Office funds are common in local governments. City of Seattle elected officials are allowed to have them, but must adhere to stricter rules than the county has established. Most notably, Seattle officials can’t accept office-fund donations from anyone doing business with the city — an ethics rule that forced then-Mayor Greg Nickels to return $500 to Vulcan in 2004 after a housing activist complained.
The county legislation has no such restriction.
Supporters of allowing the new fund said the rules are no different from campaign contributions, which often come from people doing business with the county.
Councilmember Julia Patterson, who voted against the legislation, said her worry is that someone who stands to gain from county legislation could donate as much as $1,000 to a council member’s office fund right before a vote.
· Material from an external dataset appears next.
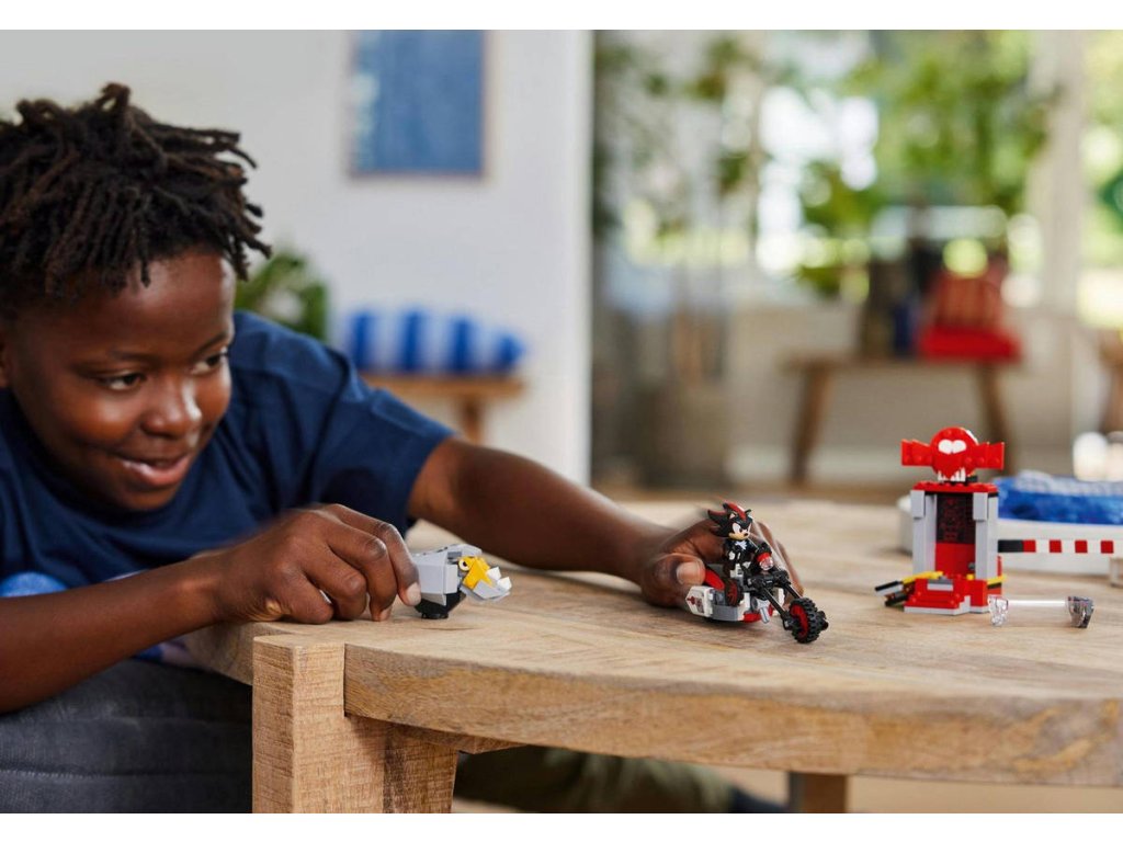 Se zábavnou stavebnicí Shadow the Hedgehog a jeho útěk si děti od 8 let užijí hodiny akčního hraní. Stejně jako postavy z oblíbené videohry se i děti mohou těšit na úžasná dobrodružství. Vychutnají si stavění modelu i Shadowův úprk ze stázové komory v laboratoři. Hrdina usedne na motorku, projede kolem padající barikády, zničí Badnika RhinoBota – a tak pustí na svobodu Cluckyho – a dá se na útěk. Stavebnice je nabitá herními možnostmi, které podněcují kvyprávění příběhů. Děti mohou vymyslet nespočet způsobů, jakými Shadow přemůže RhinoBota, než se na své motorce vydá na útěk. V řadě LEGO Sonic the Hedgehog se snoubí rychlé akční hraní s kreativním stavěním. Děti a fandové Modré šmouhy si vychutnají tvorbu inspirativních scén se 3 oblíbenými akčními figurkami ze slavné hry. Děti se mohou těšit na nenáročné a intuitivní stavitelské dobrodružství s aplikací LEGO Builder. V ní si lze přibližovat a otáčet modely ve 3D, ukládat stavebnice a sledovat postup.

“I’m concerned that it provides another opportunity for outside money to influence the political process,” she said.
A spokesman for County Executive Dow Constantine, who originally proposed the legislation, said that concern is addressed by requiring quarterly public reports to the county Board of Ethics. Those reports will be available on the county’s website.
Councilmember Pete von Reichbauer, chairman of the Government Accountability and Oversight Committee, came under fire in 2010 for spending more than $13,000 of his surplus campaign funds on restaurant meals over an 18-month period. He said dining out helped him stay in touch with constituents.
Now such expenses could be covered by an office fund.
“I personally would never accept money while something is being considered,” he said.
In the Monday council meeting, Councilmember Kathy Lambert said she thought the legislation should be sent back to committee for more work.
“I don’t feel comfortable with the impression or anything that people might think we can accept contributions when people have business before us,” she said.
Von Reichbauer told her she should vote against it, if she wasn’t comfortable.
She did, along with Councilmember Reagan Dunn. Councilmember Jane Hague was absent.
A public summary of the meeting’s highlights from council staff included the council’s declaration of June as Gay Pride Month and its sale of a surplus road-maintenance facility, but nothing about the office fund.
McDermott said the public had plenty of opportunity to weigh in on the funds. There was nothing sneaky about the legislation, he said.
“They took it up in committee and made amendments, then it was on our full council agenda in the regular time frame,” he said. “Because people realized we wanted to do more work on it, we pulled it off the consent agenda, and you saw Monday we had a vigorous debate.”